**** GIVEN DATA ****

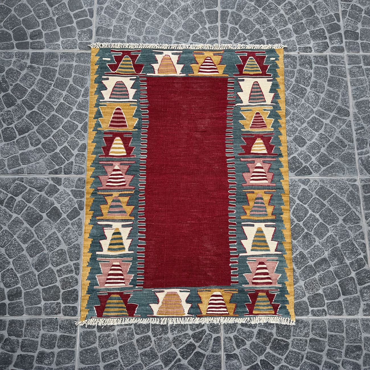Vintage Handwoven Kilim from Denizli Muska Motif Authentic Anatolian Carpet 2.95×3.94 ft
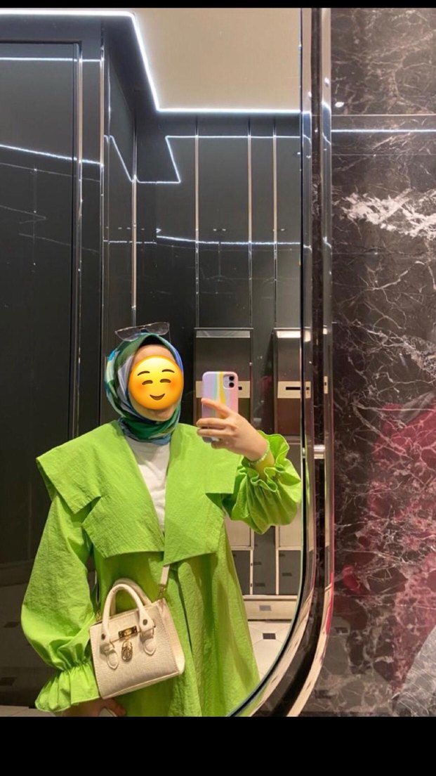 Uzun kollu, yüksek yakalı, yeşil midi yağmurluk
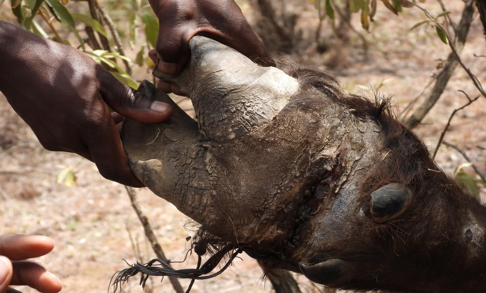The rhino carcass had bite wounds on the neck, head and tail. She had lost part of the tail.

****

▶ **WHAT IS NEEDED**: Repeat the material above precisely as it appears, omitting the images it contains.

▶ **PROBLEM SOLUTION**:
Vintage Handwoven Kilim from Denizli Muska Motif Authentic Anatolian Carpet 2.95×3.94 ft
 Uzun kollu, yüksek yakalı, yeşil midi yağmurluk
The rhino carcass had bite wounds on the neck, head and tail. She had lost part of the tail.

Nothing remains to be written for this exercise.